Comment une marque qui existe depuis 44 ans fait-elle pour se renouveler tout en conservant son ADN ?
Nous nous réinspirons sans cesse des modes précédentes. Il y a un ou deux ans, nous avions sorti un nu-pieds avec des fraises qui existait il y a 20 ans. Nous l’avons réadapté au goût du jour ainsi qu’au niveau technique. L’ADN de Pom d’Api c’est tout son passé, mais c’est aussi ce qu’on est en train d’en faire pour le futur.
Qui est l’enfant Pom d’Api ?
Il est assez malin, drôle, avec un mélange de tradition et de modernité. Il peut se montrer classique mais il faut tout de même qu’il y ait un brin de folie. C’est un coquin. Nous exportons beaucoup donc il a aussi un côté international. Nous avons des boutiques en Belgique et en Suisse, à Moscou, au Koweït… 50% de notre chiffre d’affaires provient de l’étranger.
Comment expliquez-vous cela ?
C’est le savoir-faire à la française qui séduit tant, et aussi le fait qu’ils ne trouvent pas beaucoup de marques pour enfants dans leur pays. Notre grande force est notre qualité, parce qu’une chaussure mal conçue ne pardonne pas. Contrairement à un vêtement qui peut ne pas être parfaitement coupé, la chaussure, elle, doit être irréprochable. Les acteurs Jennifer Garner et Ben Affleck vont souvent aux Petits Chapelais à New York, une boutique multi-marques où nous sommes vendus, et ils sont clients depuis longtemps de Pom d’Api pour leurs enfants. Les princesses de Suède sont très fidèles aussi, c’est vraiment agréable.
Si Pom d’Api avait une devise, quelle serait-elle ?
Cela part d’une blague, mais ça nous ressemble assez finalement. Sur le bureau d’études, il est écrit la phrase du dessin animé Toy Story: « Vers l’infini et au-delà ». C’est cette idée d’aller toujours plus loin, de penser que quelque chose n’est pas possible mais d’y aller quand même. De ne pas rester dans une routine technique et sur nos acquis. Nous nous attachons vraiment à travailler sur des concepts de fabrication, nous nous remettons toujours en question pour faire évoluer les produits.
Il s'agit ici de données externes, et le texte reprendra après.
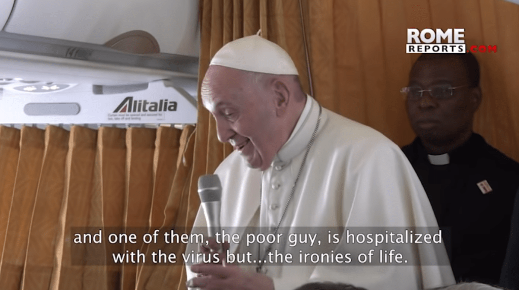 “Vele argumenten hebben geleid tot deze verdeeldheid. Zelfs in het College van Kardinalen zijn er sommige ‘vaccin-ontkenners’, en één van hen, de arme kerel, werd gehospitaliseerd met het virus….haha… De ironie van het leven.”

Vos adresses kids friendly préférées ?
La première adresse est le musée qui va être installé dans nos locaux avec tous les modèles Pom d’Api depuis 1973, notamment les sabots et les premières sandales. À Paris, les boutiques Bonton, Bonpoint, le Coffee parisien pour un brunch rue de Sablonville à Neuilly, à côté de la boutique Pom d’Api, et le musée Montmartre.
Dans notre région, il y a évidemment le Puy du Fou, les Machines de l’Île à Nantes, et L’Observatoire Tadashi Kawamata à Lavau-sur-Loire.